## MATERIAL SUPPLIED
====

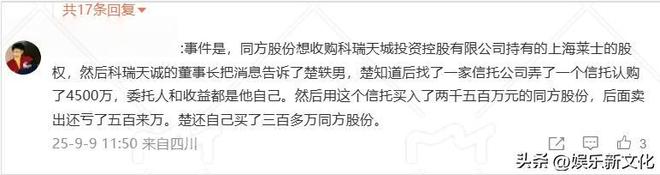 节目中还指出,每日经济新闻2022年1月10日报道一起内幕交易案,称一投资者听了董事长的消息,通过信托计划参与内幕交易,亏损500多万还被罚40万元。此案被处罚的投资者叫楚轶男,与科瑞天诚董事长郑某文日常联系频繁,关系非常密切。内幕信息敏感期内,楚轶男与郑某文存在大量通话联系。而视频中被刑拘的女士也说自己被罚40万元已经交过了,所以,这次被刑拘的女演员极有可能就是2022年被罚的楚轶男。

====

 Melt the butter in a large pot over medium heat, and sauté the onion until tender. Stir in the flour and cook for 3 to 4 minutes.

====

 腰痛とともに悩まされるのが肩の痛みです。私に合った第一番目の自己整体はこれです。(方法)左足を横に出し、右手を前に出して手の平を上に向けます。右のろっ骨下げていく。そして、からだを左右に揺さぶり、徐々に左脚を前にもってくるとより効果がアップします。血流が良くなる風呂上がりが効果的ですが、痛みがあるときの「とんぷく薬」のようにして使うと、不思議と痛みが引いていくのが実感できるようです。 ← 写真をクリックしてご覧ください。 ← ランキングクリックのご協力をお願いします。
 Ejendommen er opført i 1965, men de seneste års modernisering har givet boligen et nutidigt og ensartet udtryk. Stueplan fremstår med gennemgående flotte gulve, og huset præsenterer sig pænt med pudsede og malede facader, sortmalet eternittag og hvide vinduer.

====

## HOW TO COMPLETE THIS TASK
Among the records above, extract exactly the lines from the line with "写真をクリックしてご覧ください。 ← ランキングクリックのご協力をお願いします。" to the line with "Ejendommen er opført", both lines included, and leave out the rest.

## OUTPUT BELOW
 腰痛とともに悩まされるのが肩の痛みです。私に合った第一番目の自己整体はこれです。(方法)左足を横に出し、右手を前に出して手の平を上に向けます。右のろっ骨下げていく。そして、からだを左右に揺さぶり、徐々に左脚を前にもってくるとより効果がアップします。血流が良くなる風呂上がりが効果的ですが、痛みがあるときの「とんぷく薬」のようにして使うと、不思議と痛みが引いていくのが実感できるようです。 ← 写真をクリックしてご覧ください。 ← ランキングクリックのご協力をお願いします。
 Ejendommen er opført i 1965, men de seneste års modernisering har givet boligen et nutidigt og ensartet udtryk. Stueplan fremstår med gennemgående flotte gulve, og huset præsenterer sig pænt med pudsede og malede facader, sortmalet eternittag og hvide vinduer.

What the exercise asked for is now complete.